Autonomous Control of a Particle Accelerator using Deep Reinforcement
Learning
- URL: http://arxiv.org/abs/2010.08141v2
- Date: Sun, 20 Dec 2020 00:42:39 GMT
- Title: Autonomous Control of a Particle Accelerator using Deep Reinforcement
Learning
- Authors: Xiaoying Pang, Sunil Thulasidasan, Larry Rybarcyk
- Abstract summary: We describe an approach to learning optimal control policies for a large, linear particle accelerator.
The framework consists of an AI controller that uses deep neural nets for state and action-space representation.
Initial results indicate that we can achieve better-than-human level performance in terms of particle beam current and distribution.

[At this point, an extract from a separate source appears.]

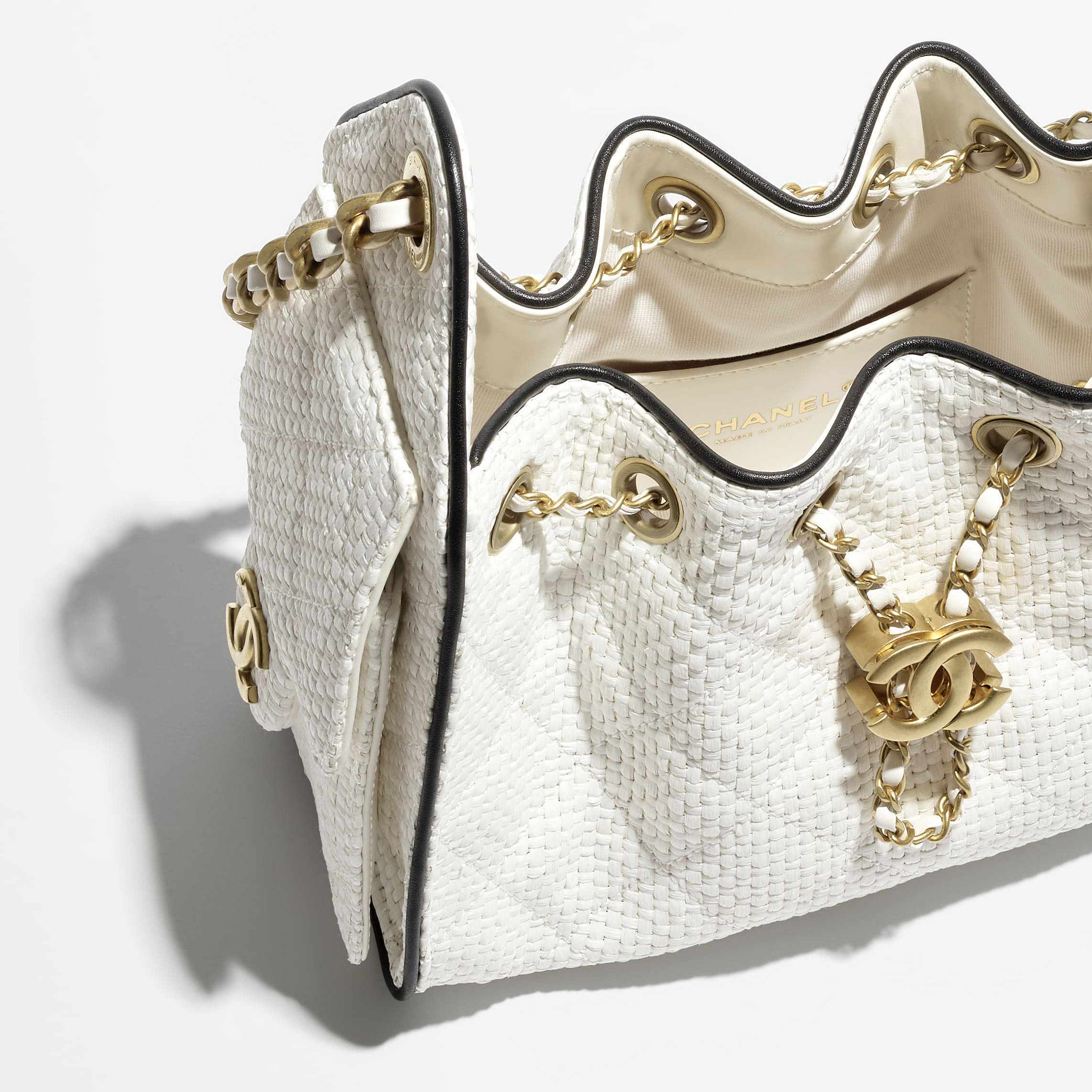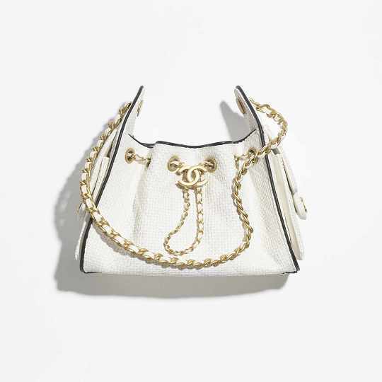 还有一组采用帆布和酒椰纤维制作的 Chanel 25 手袋,采用纯白、乳白、米色等浅色为基调,搭配富有视觉张力的撞色皮革绲边,呈现轻松和精致并存的度假气息。

- Score: 2.062593640149623
- License: http://arxiv.org/licenses/nonexclusive-distrib/1.0/
- Abstract: We describe an approach to learning optimal control policies for a large,
linear particle accelerator using deep reinforcement learning coupled with a
high-fidelity physics engine. The framework consists of an AI controller that
uses deep neural nets for state and action-space representation and learns
optimal policies using reward signals that are provided by the physics
simulator. For this work, we only focus on controlling a small section of the
entire accelerator. Nevertheless, initial results indicate that we can achieve
better-than-human level performance in terms of particle beam current and
distribution. The ultimate goal of this line of work is to substantially reduce
the tuning time for such facilities by orders of magnitude, and achieve
near-autonomous control.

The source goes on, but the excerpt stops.